These speeches lifted hearts in dark times, gave hope in despair, refined the characters of men, inspired brave feats, gave courage to the weary, honored the dead, and changed the course of history.

I challenge you to attempt a program of study in which you read the entirety of one of these great speeches each and every day.

Great oratory has three components: style, substance, and impact.

Style: A great speech must be masterfully constructed. The best orators are masters of both the written and spoken word, and use words to create texts that are beautiful to both hear and read.

Substance: A speech may be flowery and charismatically presented, and yet lack any true substance at all. Great oratory must center on a worthy theme; it must appeal to and inspire the audience’s finest values and ideals.
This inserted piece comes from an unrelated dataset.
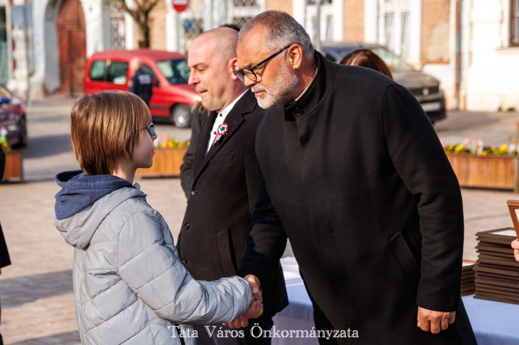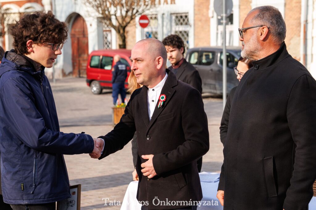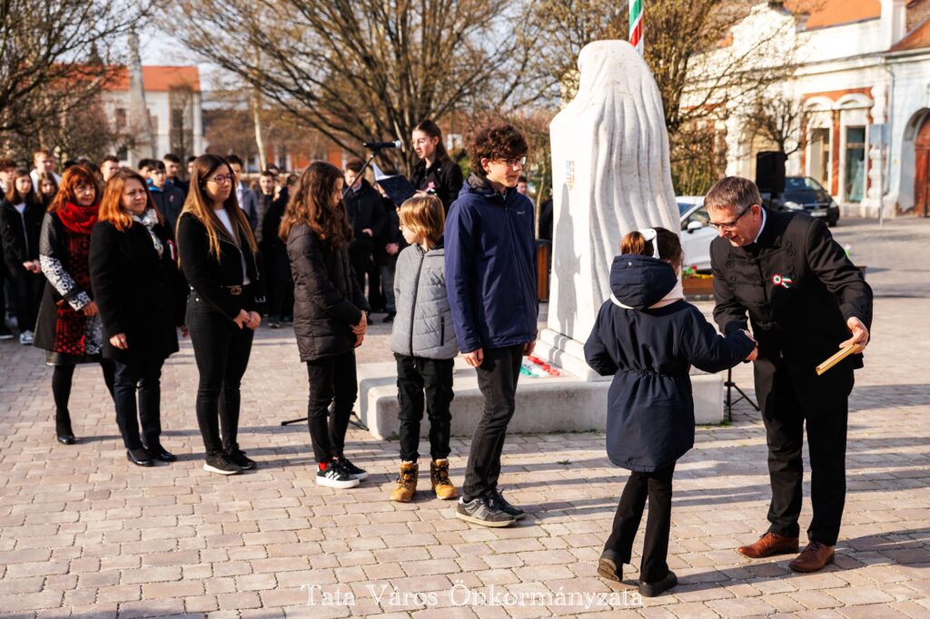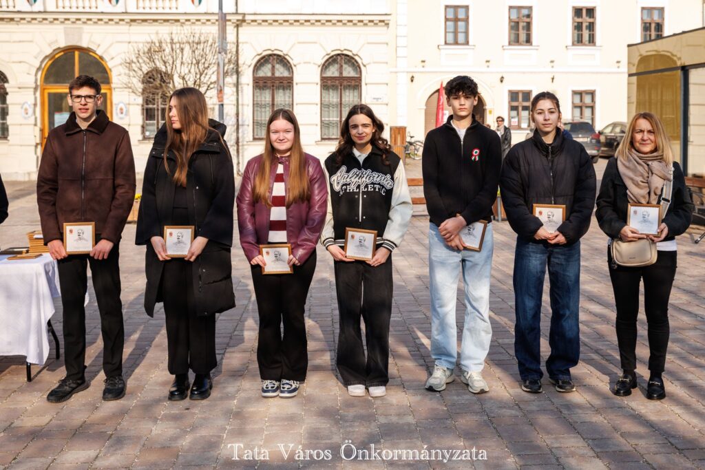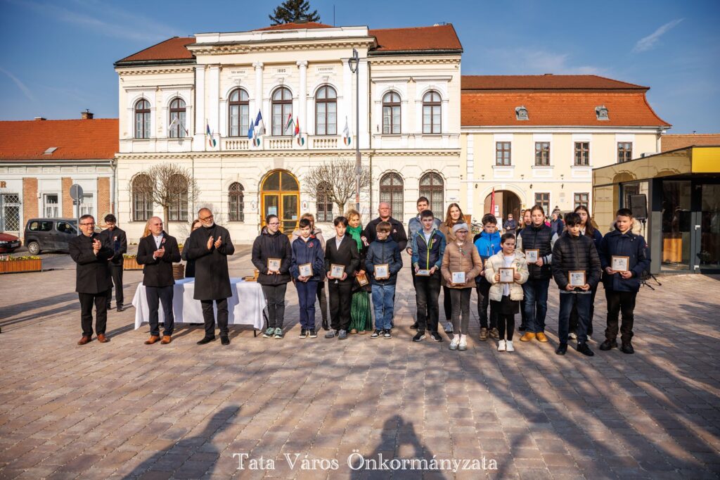 Tata Város Önkormányzata szervezésében idén is március 16-án, a magyar zászló és címer napjának reggelén adták át a tanulmányi versenyeken kiváló eredményeket elért tatai általános és középiskolásoknak, valamint felkészítőiknek városunk tanulmányi különdíját a Kossuth téren, az Országzászló-szobornál. Az elismerésben 32 diák és 22 tanár részesült.

Impact: Great oratory always seeks to persuade the audience of some fact or idea. The very best speeches change hearts and minds and seem as revelatory several decades or centuries removed as when they were first given.

So, who else could i start with (as a brit) than Winston Churchill

Sir Winston Churchill

Winston Churchill, one of the greatest orators of the 20th century, was interestingly enough, like Demosthenes and other great orators before him, born with a speech impediment which he worked on until it no longer hindered him. One would never guess this from hearing Churchill’s strong and reassuring voice, a voice that would buoy up Britain during some of her darkest hours.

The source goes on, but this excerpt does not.